**What to produce:** Since the listing below shows pictures, leave them out and write out exactly the lines from the line with "크루 넥 자수 스웨트" to the line with "第14分钟,阿苏埃禁区右肋强行突破之后左脚劲射被挡出底线。", both included, and no others.

**Records provided:**
"""

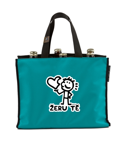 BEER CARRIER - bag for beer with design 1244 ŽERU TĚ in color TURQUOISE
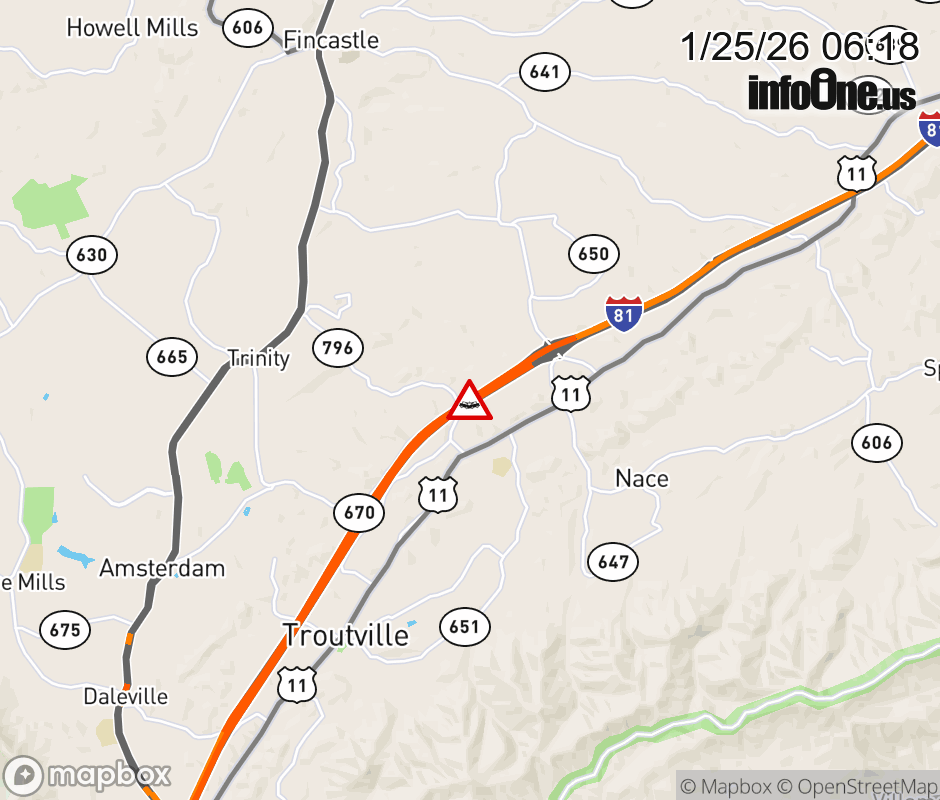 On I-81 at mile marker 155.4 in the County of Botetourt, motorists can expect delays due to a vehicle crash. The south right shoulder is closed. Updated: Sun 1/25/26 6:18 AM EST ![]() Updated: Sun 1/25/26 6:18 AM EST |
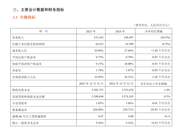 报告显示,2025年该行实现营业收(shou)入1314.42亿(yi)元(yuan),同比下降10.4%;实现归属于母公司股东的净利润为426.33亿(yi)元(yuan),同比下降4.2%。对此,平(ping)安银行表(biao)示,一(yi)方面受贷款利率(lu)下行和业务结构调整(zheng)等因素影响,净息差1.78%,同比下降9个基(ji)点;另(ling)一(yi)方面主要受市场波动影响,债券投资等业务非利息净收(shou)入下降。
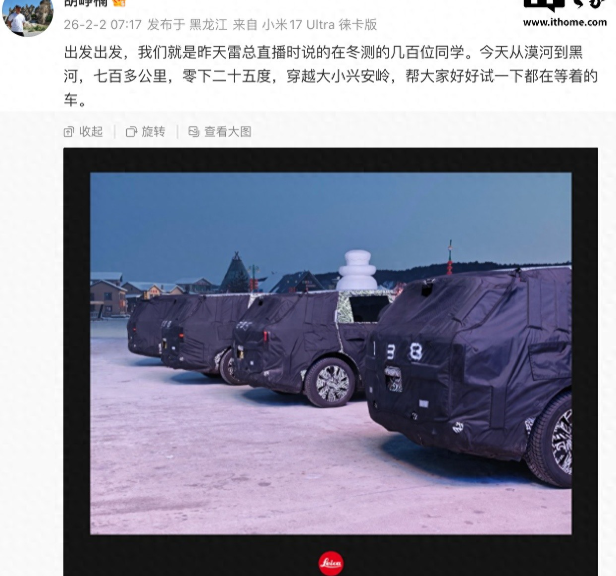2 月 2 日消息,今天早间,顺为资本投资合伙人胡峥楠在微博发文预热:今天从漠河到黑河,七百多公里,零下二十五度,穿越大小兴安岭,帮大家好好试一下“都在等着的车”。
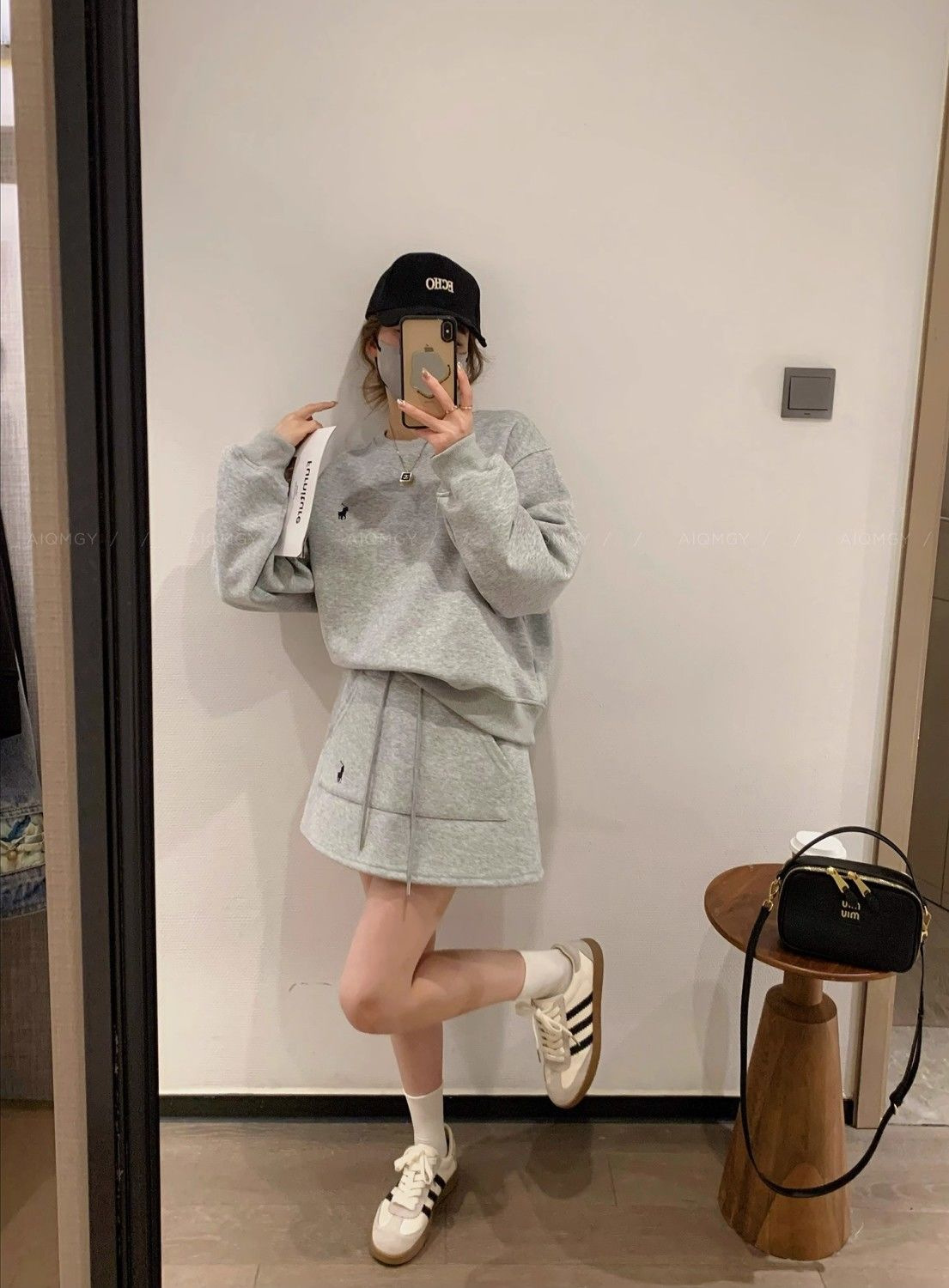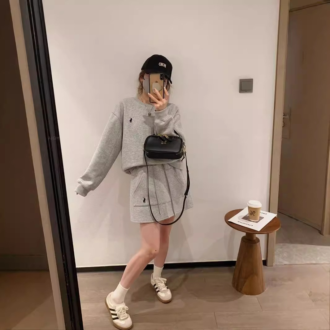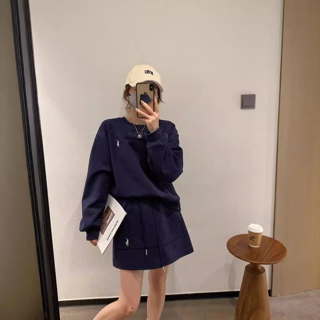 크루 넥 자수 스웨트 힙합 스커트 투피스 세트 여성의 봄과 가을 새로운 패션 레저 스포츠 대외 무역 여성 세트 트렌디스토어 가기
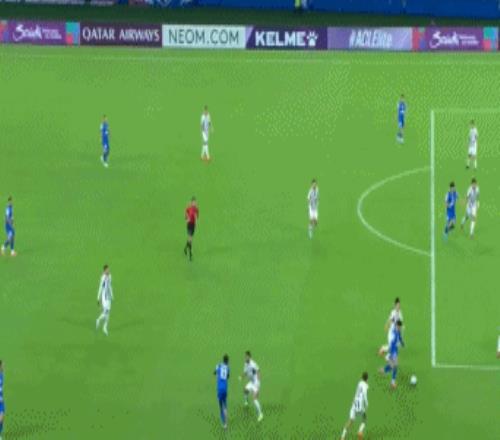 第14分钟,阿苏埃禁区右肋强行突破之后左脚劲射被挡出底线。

"""
"""

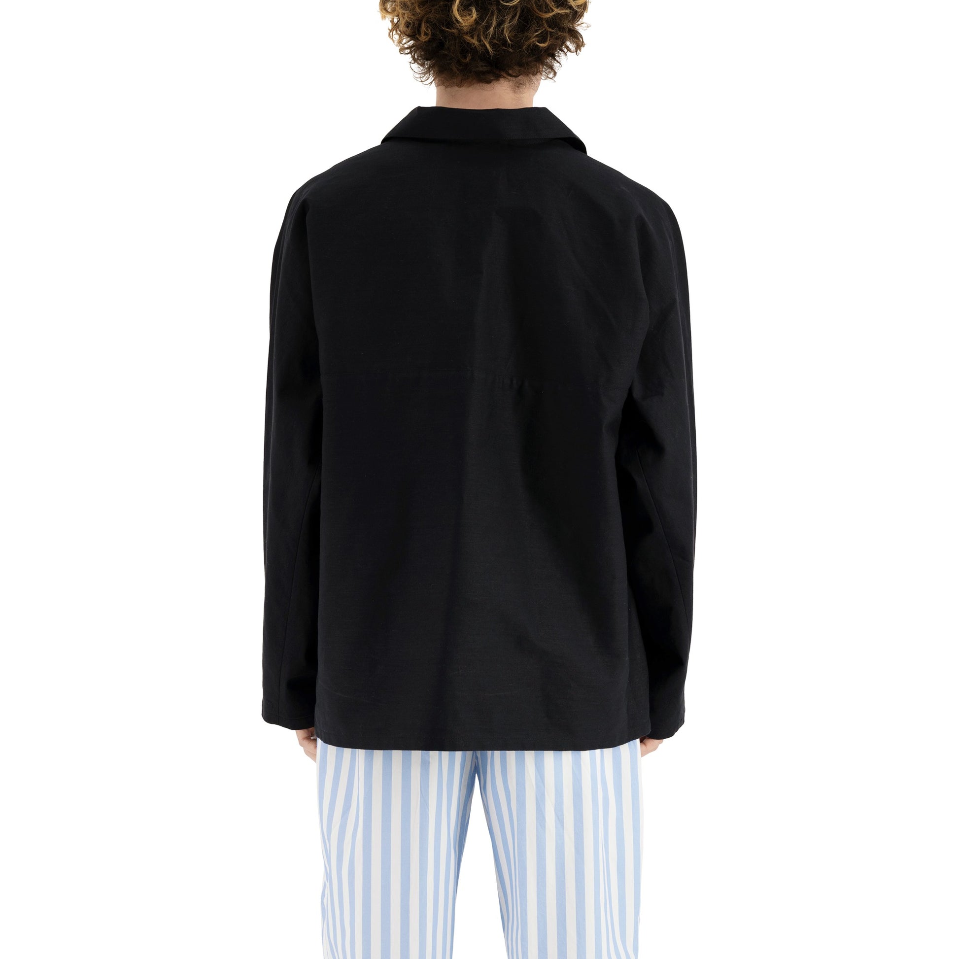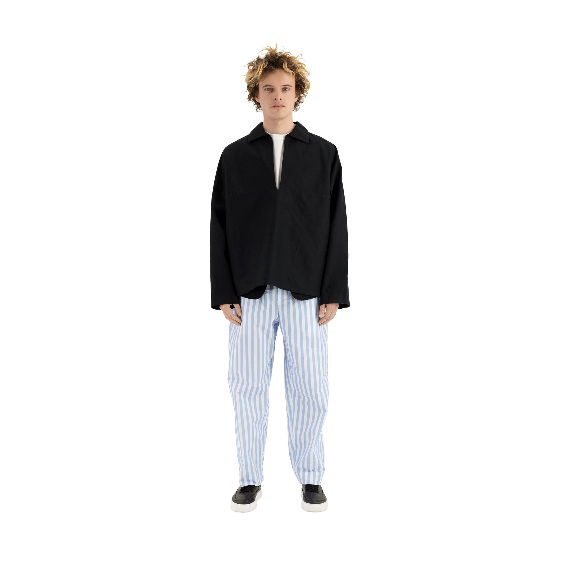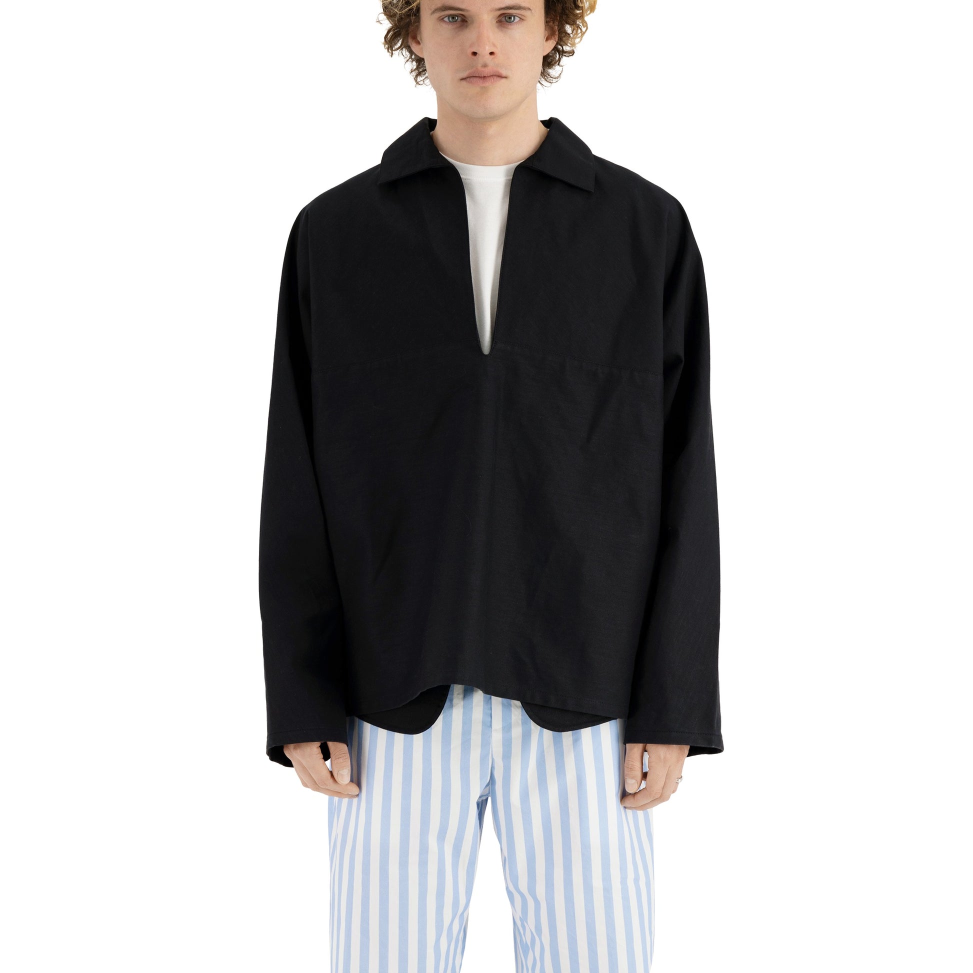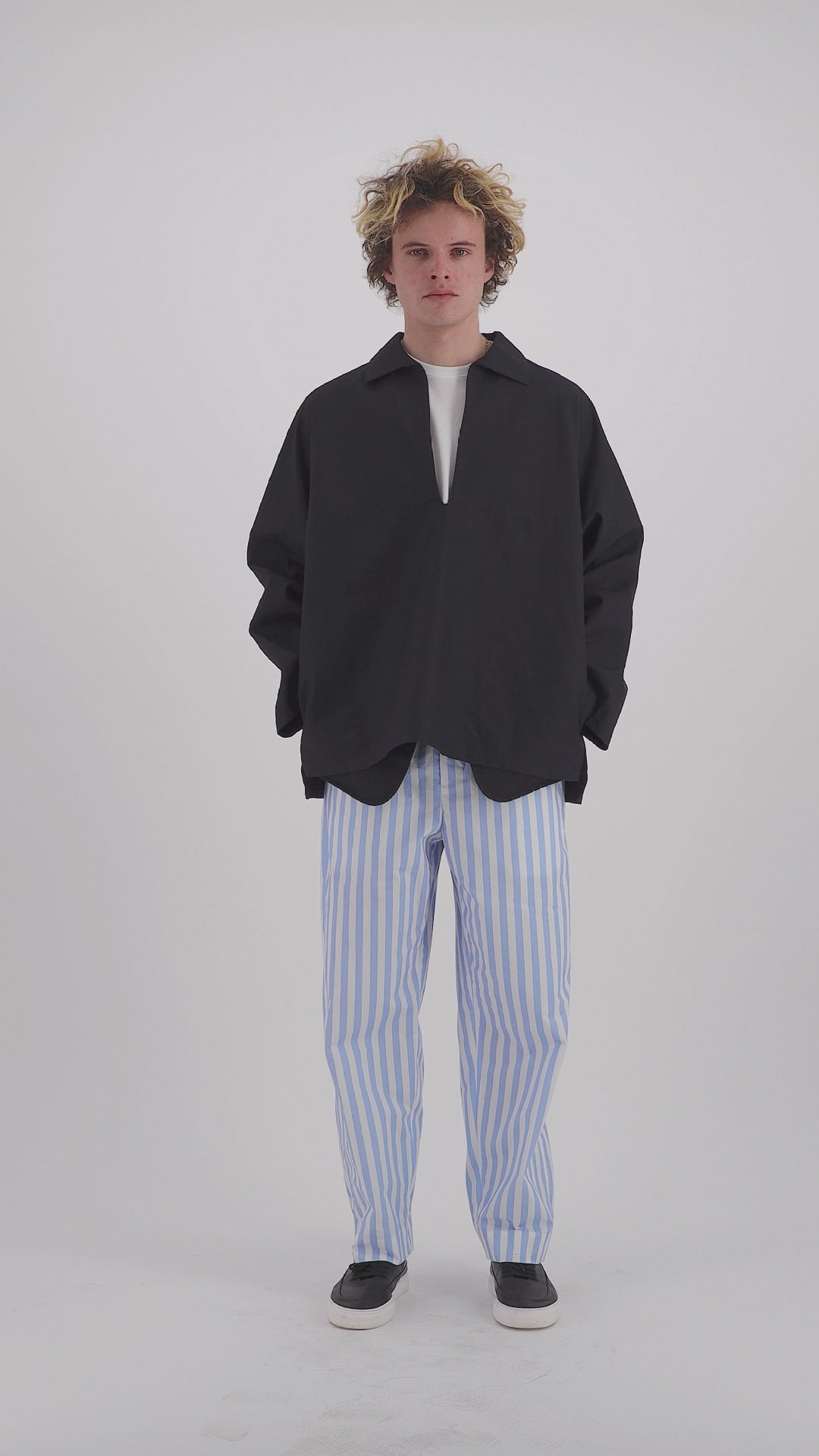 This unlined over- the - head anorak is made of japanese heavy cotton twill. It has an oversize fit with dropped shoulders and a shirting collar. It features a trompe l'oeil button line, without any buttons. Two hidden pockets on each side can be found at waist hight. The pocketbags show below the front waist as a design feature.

"""

**The completed task:**
 크루 넥 자수 스웨트 힙합 스커트 투피스 세트 여성의 봄과 가을 새로운 패션 레저 스포츠 대외 무역 여성 세트 트렌디스토어 가기
 第14分钟,阿苏埃禁区右肋强行突破之后左脚劲射被挡出底线。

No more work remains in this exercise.